Estava lá em São Paulo, em um evento patrocionado pela loja Comix, quando, de
repente; me encontro com um simpático senhor,de traços orientais . Ninguém menos que o grande samurai dos quadrinhos
brasileiros,mestre da arte sequêncial, Júlio Shimamoto!
Foi realmente maravilhoso conhecê-lo pessoalmente,um sonho realizado.O lendário Shima,
de quem tanto acompanhei a carreira. Lembrei-me de suas HQs na saudosa editora D-Arte,
do Zalla, Vecchi,Bloch,Press- Maciota, fanzines,etc,etc,etc.Quem conhece HQ no Brasil
não têm dúvidas, Shimamoto é fera!Um artista de verdade,jamais estagnou seu
trabalho, sempre buscou o novo.Sempre procurou novos roteiros e novas definições
gráficas.Um autor,antes de tudo.Nada mais coerente da minha parte do quê mostrar
aqui um pouco da sua vida e da sua arte.Uma justíssima homenagem aquele que jamais abdicou de sua paixão pelo desenho e pelas
HQs.Dê também uma olhada na sessão artistas convidados e delumbre -se com os traços maravilhosos do
Shima.E aprecie esta entrevista:
-Entrevistador:Caro Shimamoto,você têm noção de que é um mito dos quadrinhos
nacionais?
Júlio Shimamoto:Não,não tenho.Sem demagogia,eu ainda estou aprendendo.
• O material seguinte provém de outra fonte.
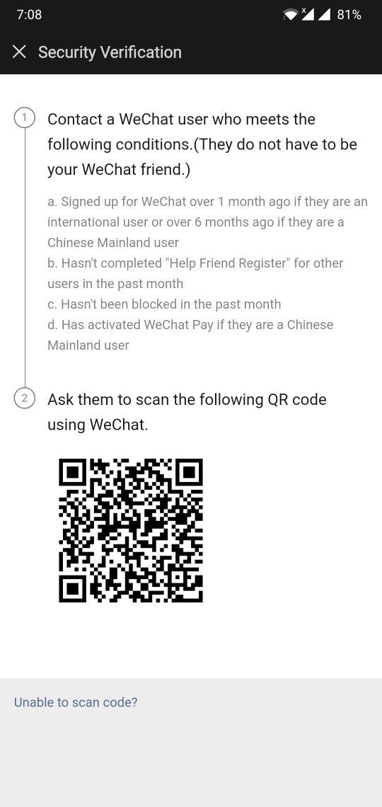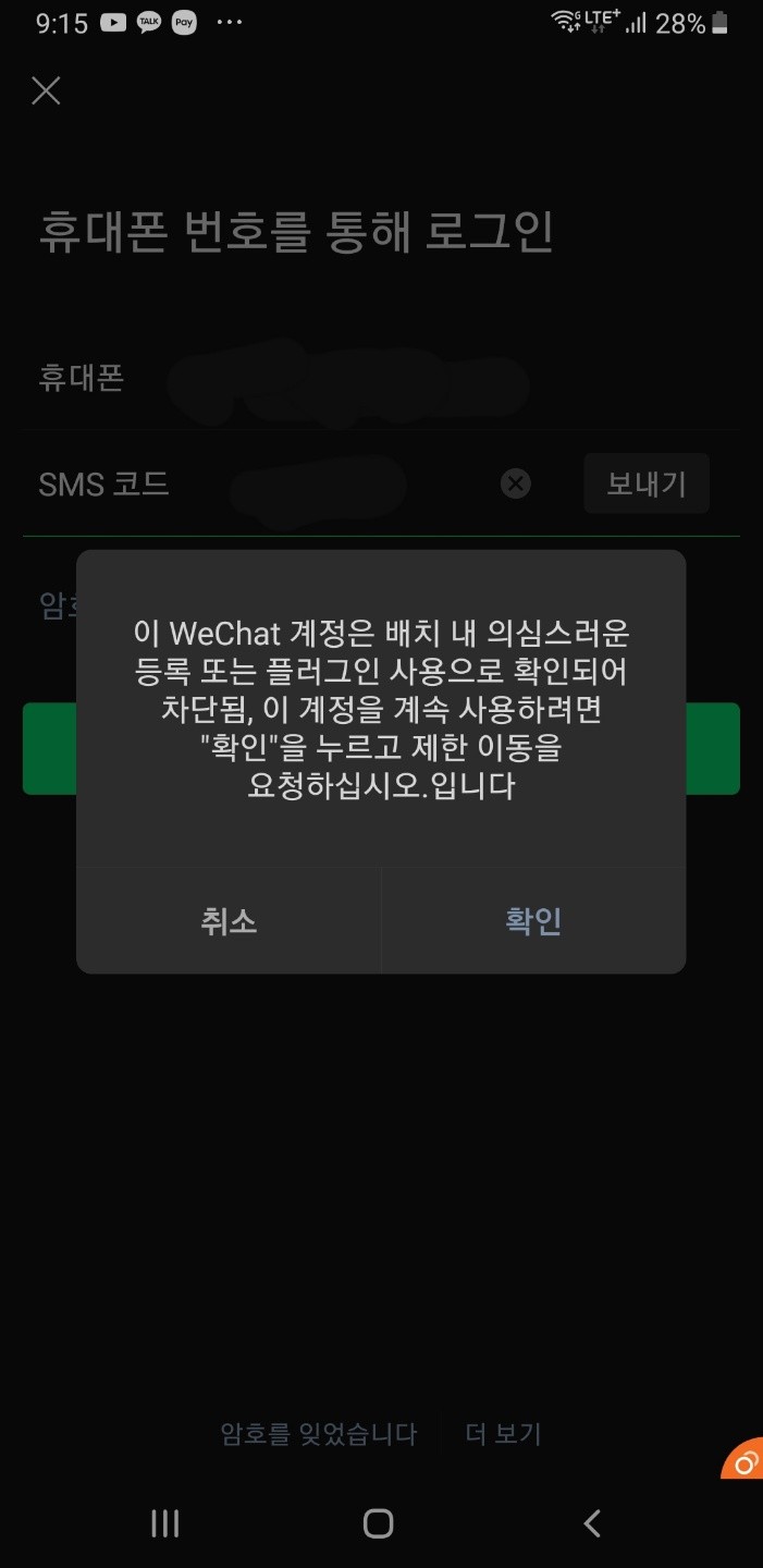 wechat 으로부터 SMS 인증 및 로그인 메세지를 받지 않습니다.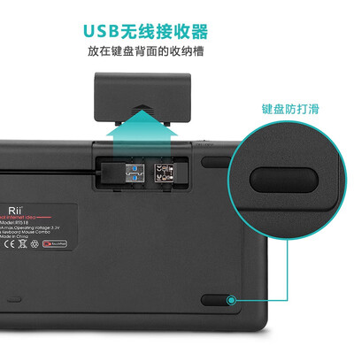 配置USB无线接收器,可放置在键盘背面的收纳槽中,防打滑。配三种彩色背光键盘,炫彩时尚,个性感十足。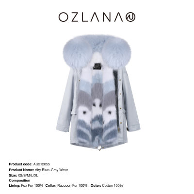 【中国仓】【OZLANA 皮草大衣派克服】AU212055 雾霾蓝+灰色波浪狐狸毛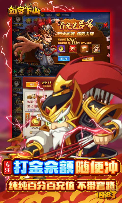 《剑客下山-GM无限打万金》是一款三国题材的策略卡牌游戏!!!精美的人物制作,超多有趣的游戏玩法,三国群英与神魔交汇,群魔乱舞;通关关卡刷装备,手指点点获得海量资源;这个版本氪金再也不是门槛,GM特权,直接刷新三观,拿不完的打金卡,天天满满当当的补贴福利;GM商城极品直接拉满不犹豫;无限资源,元宝在手,天下任我行!!!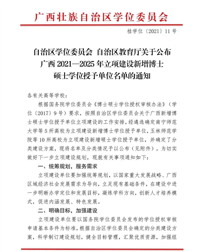 近日,廣西自治區(qū)學(xué)位委員會(huì)下發(fā)《自治區(qū)學(xué)位委員會(huì)自治區(qū)教育廳關(guān)于公布廣西2021-2025年立項(xiàng)建設(shè)新增博士碩士學(xué)位授予單位名單的通知》,共有10所高校獲批成為立項(xiàng)建設(shè)新增碩士學(xué)位授予單位,南寧學(xué)院名列其中。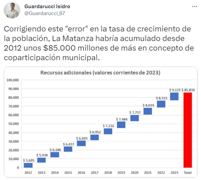 Otro de los especialistas que detectaron este "error" del Censo 2010 fue Isidro Guardarucci, economista asociado de la consultora FIEL, que calculó que el distrito bonaerense "habría acumulado desde 2012 unos $ 85.000 millones de más en concepto de coparticipación municipal" en pesos constantes a 2023.
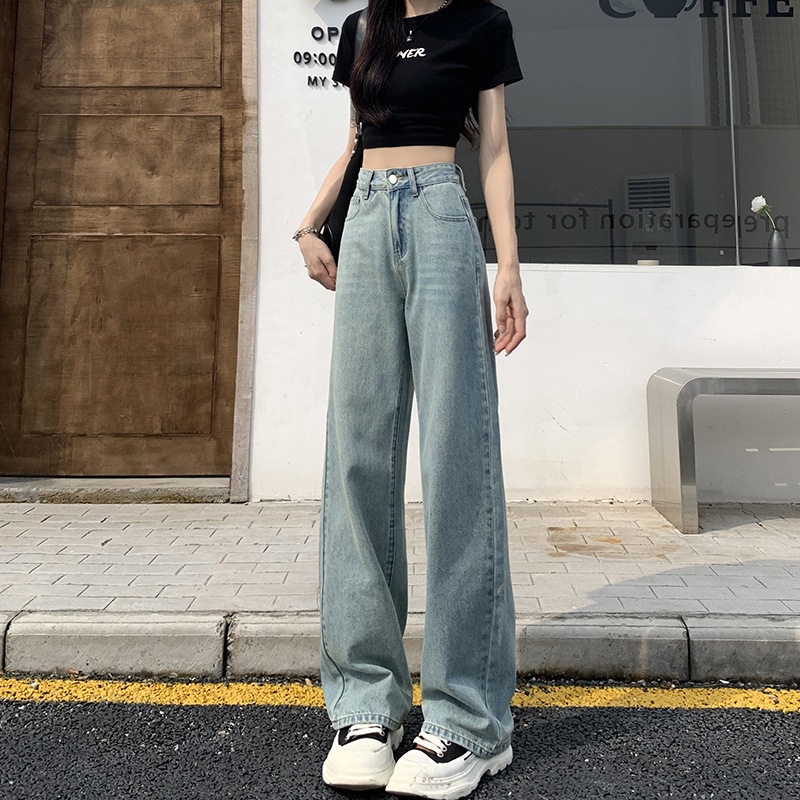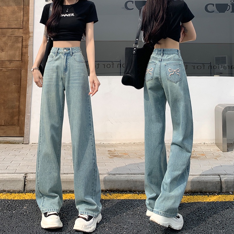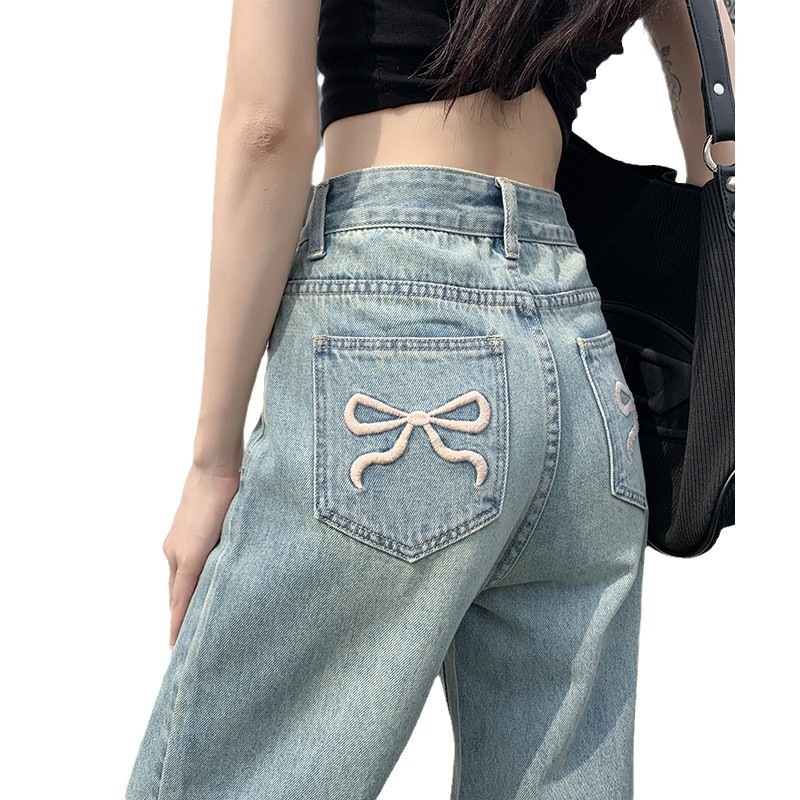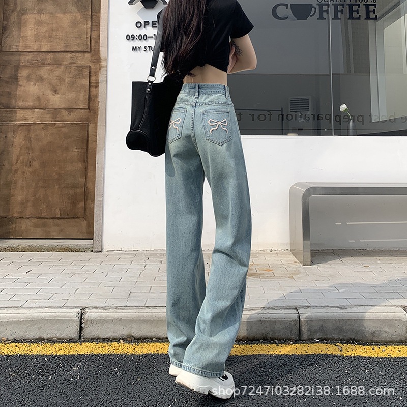 Главная страница > Светло-голубые широкие джинсы с вышивкой бантом для женщин, осень 2024, новые свободные прямые брюки длиной до пола с высокой талией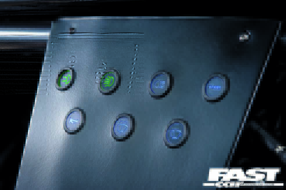 BMW M3 Vader seats, TRS four-point harnesses Stack ST700 display and speedo, Stack Pro gauges, custom dash panel, flocked dash top, alloy centre panel with CBS billet switches, alloy door cards, rear panels and firewall.

Agora,por exemplo,estou estudando para resgatar o estilo de capas dos livrinhos de bolso
(pocket books)americanos dos anos 40-60.No Brasil tivemos um grande mestre: Benicio,
ainda vivo.Ele arrebentava desenhando para os livrinhos da
Monterrey. A capa que fiz para o Musashi fez sucesso devido a selva de capas
digitalizadas.Usei tinta de parede Suvinil, recurso de operário,técnica de terceiro
mundo.Fiz a capa também para a "Múmia",um livro de HQ que Marco Aurélio
Luccheti está organizando com seu pai, roteirista e escritor Ruben Luccheti.Para a HQ"Mirabilia número 2",já
entreguei.A capa do" Musashi II"também está
pronta.Há encomenda para a capa de"Capitão Asa"que está sendo quadrinizada sob orientação do roteirista e jornalista Antero Leivas.Sobre mito,por
coincidência ,é assunto do primeiro episódio(de uma única página) do próximo
Musashi.
-Na infância,quais os personagens de HQ que você mais gostava?Quais os artistas
que mais te influênciaram?
Super-heróis e cowboys(este último,por eu ser caipira do interiorzão de São
Paulo, próximo ao Mato Grosso.E eu adorava cavalgar.Eu era fissurado nos dinâmicos traços de
Sid Shores (que influênciou Jack Kirby e John Buscema).Ele
desenhou Capitão América nos anos 40 e os cowboys Bill Dinamite e Cavaleiro
Negro,nos anos 50.A dinâmica dos meus traços têm DNA do estilo de Sid.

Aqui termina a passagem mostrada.